Gastroparesis is a kind of paralysis of the stomach and is most often due to a damaged vagus nerve. The vagus nerve is responsible for many functions, including peristalsis, which is the process of smooth muscle contractions that help to move the food you eat from your stomach to your duodenum. Gastroparesis may be a temporary condition which comes as a response to an acute illness or a specific medication, and may resolve when you stop taking that medication or when you recover from your ailment. In the case where gastroparesis is a chronic ailment, this is most often due to autonomic neuropathy.
Chronic gastroparesis can occur in people with either type 1 or type 2 diabetes. The high levels of blood glucose, sustained over a number of years sometimes results in permanent damage to the vagus nerve. Gastroparesis has also been found to occur in those who suffer from various autoimmune diseases, such as fibromyalgia and Parkinson’s disease, or may be seen in those people who have mitochondrial disorder. Sometimes there are other causes for a damaged vagus nerve and subsequent chronic gastroparesis, including abdominal surgery.

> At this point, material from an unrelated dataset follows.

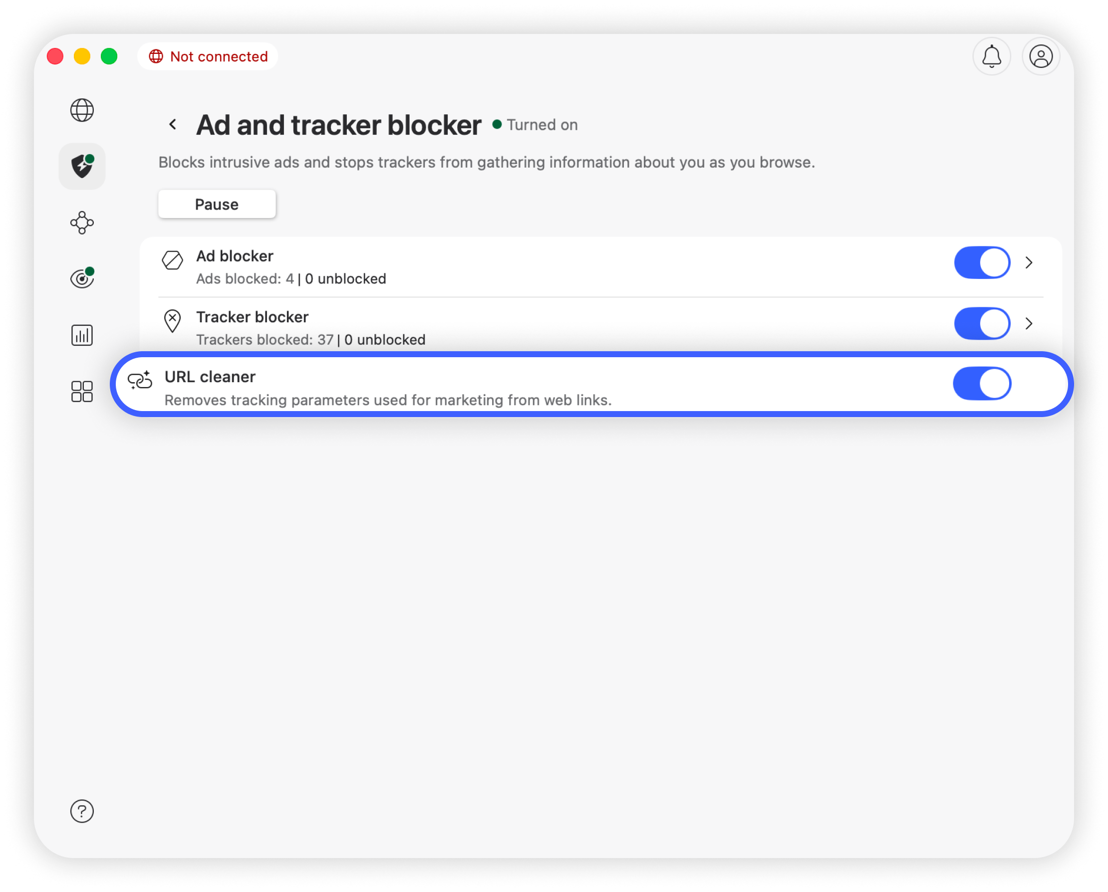- Activa «URL cleaner» haciendo clic en el interruptor.

If your doctor thinks you may have gastroparesis, he may order tests to either diagnose the condition or rule out other conditions which cause similar symptoms. The standard diagnostic tests include the following:
Gastric emptying studies-Most doctors agree that this is the most accurate means of diagnosing gastroparesis. In the most common gastric emptying test, you’ll be given eggs or oatmeal containing a small quantity of radioactive material. A scanning device is placed over your stomach to measure how fast the food leaves your stomach. There are other tests that can measure the tension in your stomach muscles after food is eaten. If the muscles don’t relax as they should, there may be symptoms that mimic the delayed stomach emptying that is found with gastroparesis.
Gastroduodenal manometry-A thin plastic tube is led from your throat down into the stomach and small intestine. The tube is sensitive to and can measure pressure. This tube is hooked up to a computer that can tell your doctor about the peristaltic waves of your stomach: whether they are fast enough, strong enough, and are well-coordinated with meal times. While this test is useful for distinguishing between the various stomach conditions related to motility, the test isn’t available at every facility, and isn’t often needed to make a diagnosis of gastroparesis.
Upper gastrointestinal endoscopy or Upper GI-This test is performed to rule out conditions other than gastroparesis which might cause delayed gastric emptying. In this test, a tube containing a miniature camera is swallowed and this allows the doctor to see any blockages of the stomach and small intestine.
Electrogastrogram-This procedure is still in its experimental stages and is similar to the electrocardiogram in that it measures electrical signals in a specific part of the body. The electrogastrogram measures the electrical signals in your stomach prior to and after meals. In a healthy stomach, these signals are regular and speed up after a meal is consumed, but in those with gastroparesis, the speed is irregular and doesn’t get faster after food is eaten, or may not be apparent at all.
Magnetic resonance imaging (MRI)-MRI employs a strong magnet and radio waves to make cross-sectional images of your body. MRI is used to diagnose many conditions and its advantages are that it’s not invasive and there’s no radiation involved in the procedure.